Data records:

***

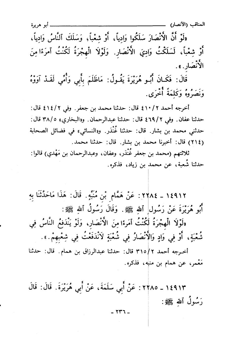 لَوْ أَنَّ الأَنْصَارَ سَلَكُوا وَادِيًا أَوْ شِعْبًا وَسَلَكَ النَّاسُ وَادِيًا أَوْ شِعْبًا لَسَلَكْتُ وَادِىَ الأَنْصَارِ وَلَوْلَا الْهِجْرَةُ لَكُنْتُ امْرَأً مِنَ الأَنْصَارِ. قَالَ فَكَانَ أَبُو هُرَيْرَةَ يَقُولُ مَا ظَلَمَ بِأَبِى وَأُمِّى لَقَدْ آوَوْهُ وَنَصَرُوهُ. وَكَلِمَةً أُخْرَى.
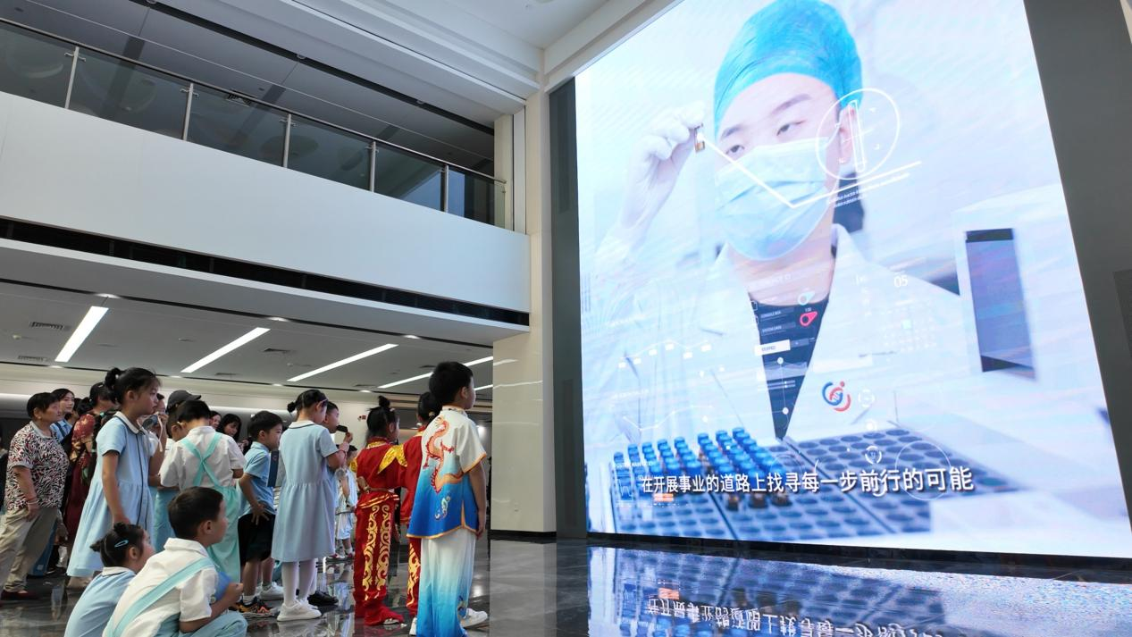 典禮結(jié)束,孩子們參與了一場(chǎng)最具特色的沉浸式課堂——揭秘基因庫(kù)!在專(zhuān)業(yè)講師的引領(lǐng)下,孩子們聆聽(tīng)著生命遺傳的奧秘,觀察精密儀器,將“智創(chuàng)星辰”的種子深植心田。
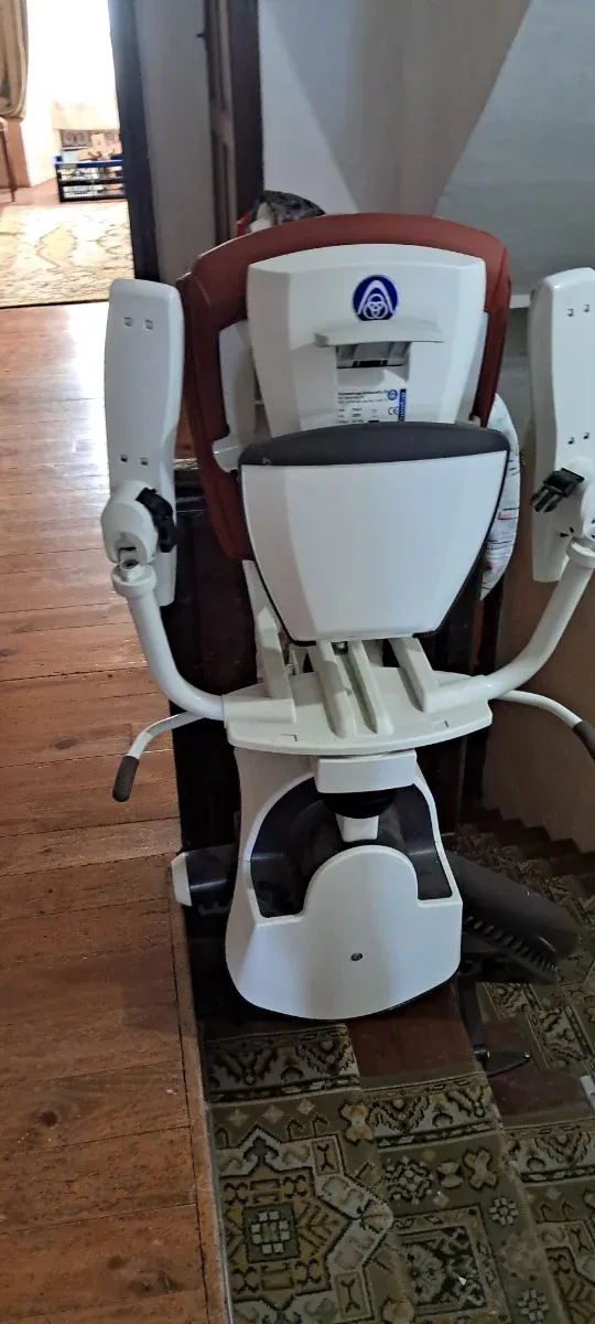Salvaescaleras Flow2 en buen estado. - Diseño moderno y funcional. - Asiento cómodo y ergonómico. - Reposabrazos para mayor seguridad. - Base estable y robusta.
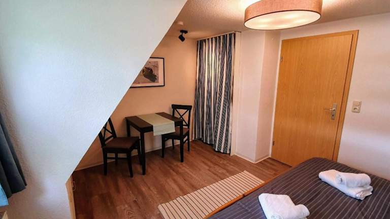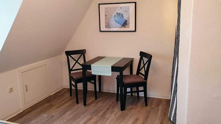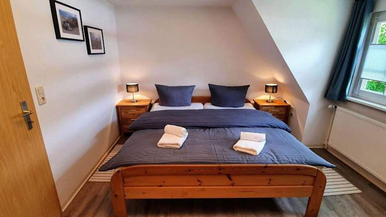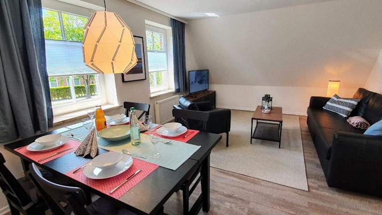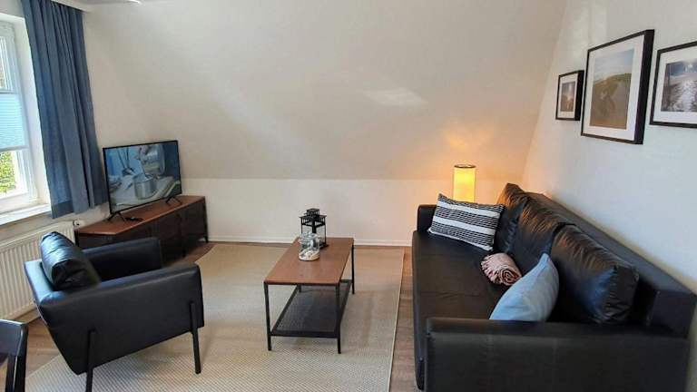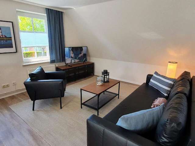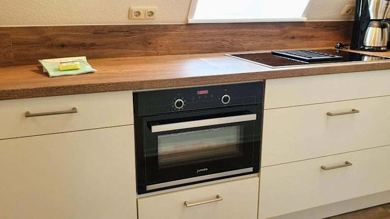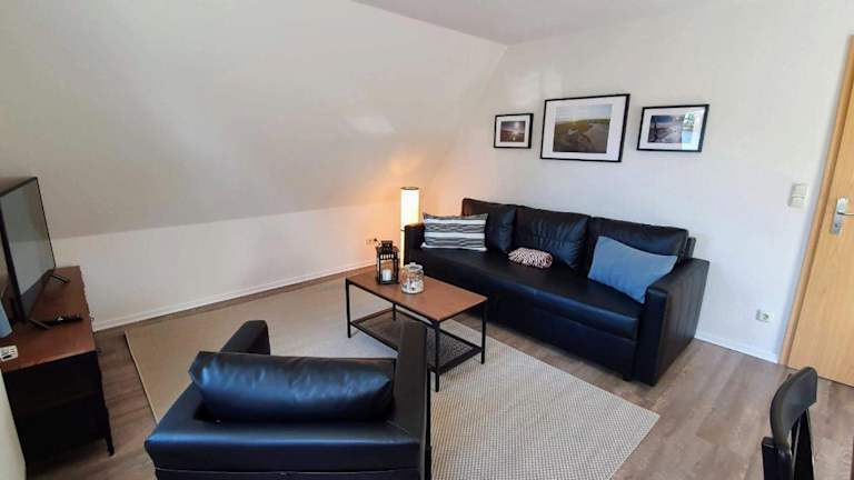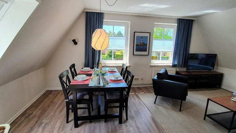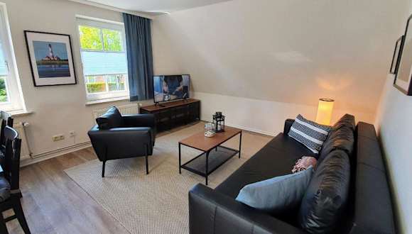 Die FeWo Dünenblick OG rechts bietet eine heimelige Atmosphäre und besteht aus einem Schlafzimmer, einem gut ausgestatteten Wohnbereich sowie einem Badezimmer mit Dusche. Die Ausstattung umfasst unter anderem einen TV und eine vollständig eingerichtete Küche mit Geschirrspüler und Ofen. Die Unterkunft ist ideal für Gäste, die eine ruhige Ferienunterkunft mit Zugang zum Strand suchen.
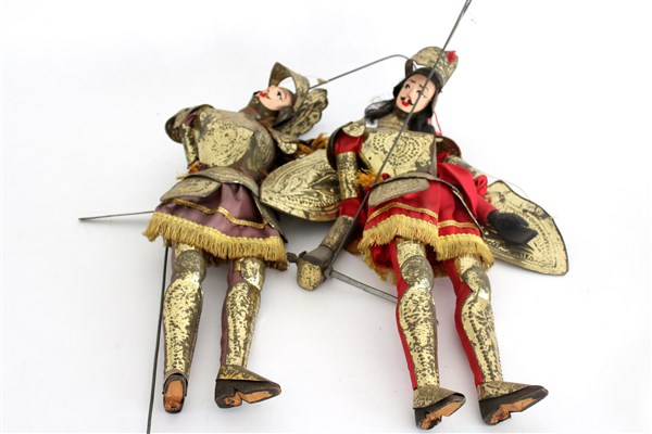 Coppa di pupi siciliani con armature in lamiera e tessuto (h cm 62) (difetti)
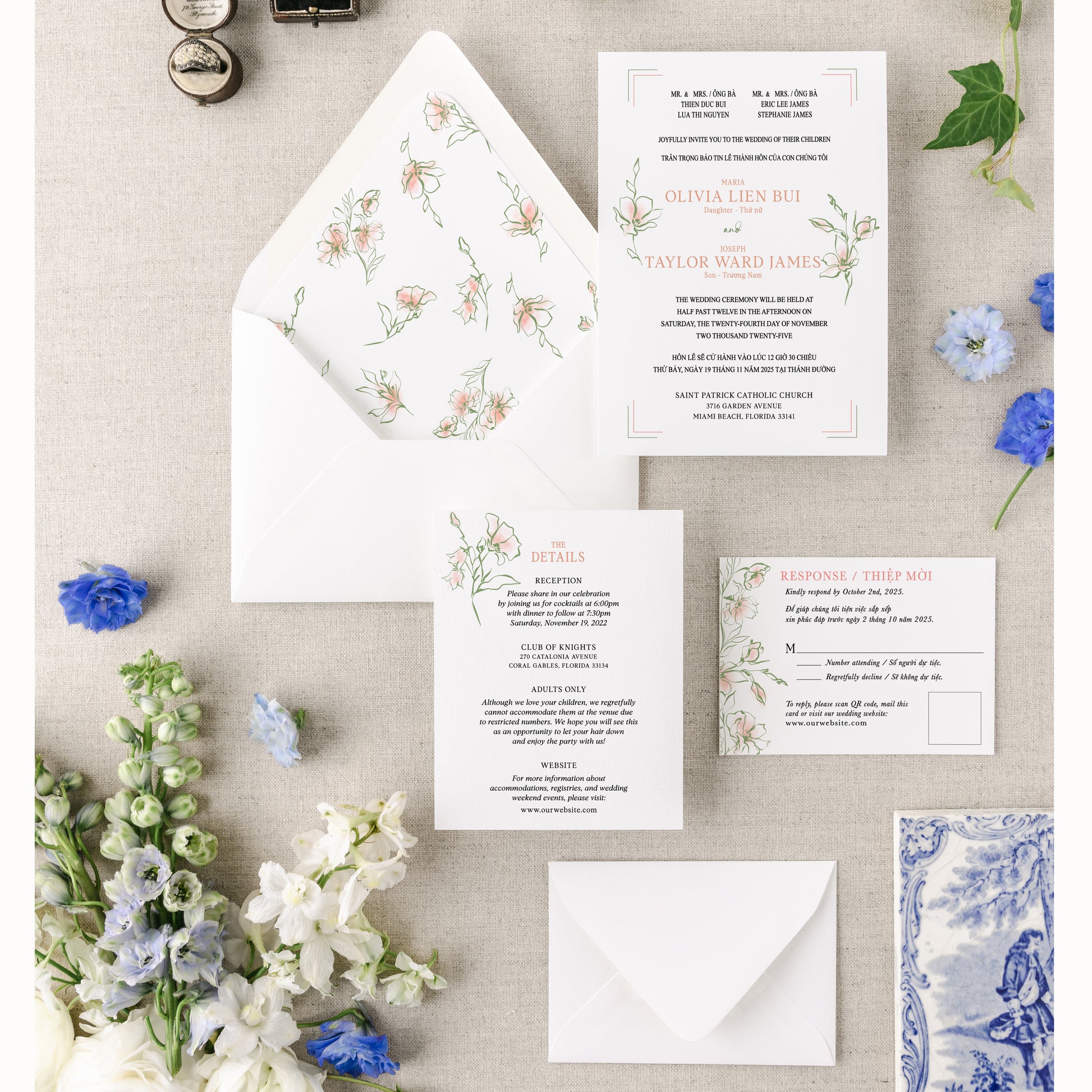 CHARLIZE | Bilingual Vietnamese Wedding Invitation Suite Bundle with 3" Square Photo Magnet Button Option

***

→ What is expected
Only the lines from the one containing "Salvaescaleras Flow2 en" through the final line of the records should be retyped, exactly, with every picture omitted.

→ Response for this exercise
Salvaescaleras Flow2 en buen estado. - Diseño moderno y funcional. - Asiento cómodo y ergonómico. - Reposabrazos para mayor seguridad. - Base estable y robusta.
 Die FeWo Dünenblick OG rechts bietet eine heimelige Atmosphäre und besteht aus einem Schlafzimmer, einem gut ausgestatteten Wohnbereich sowie einem Badezimmer mit Dusche. Die Ausstattung umfasst unter anderem einen TV und eine vollständig eingerichtete Küche mit Geschirrspüler und Ofen. Die Unterkunft ist ideal für Gäste, die eine ruhige Ferienunterkunft mit Zugang zum Strand suchen.
 Coppa di pupi siciliani con armature in lamiera e tessuto (h cm 62) (difetti)
 CHARLIZE | Bilingual Vietnamese Wedding Invitation Suite Bundle with 3" Square Photo Magnet Button Option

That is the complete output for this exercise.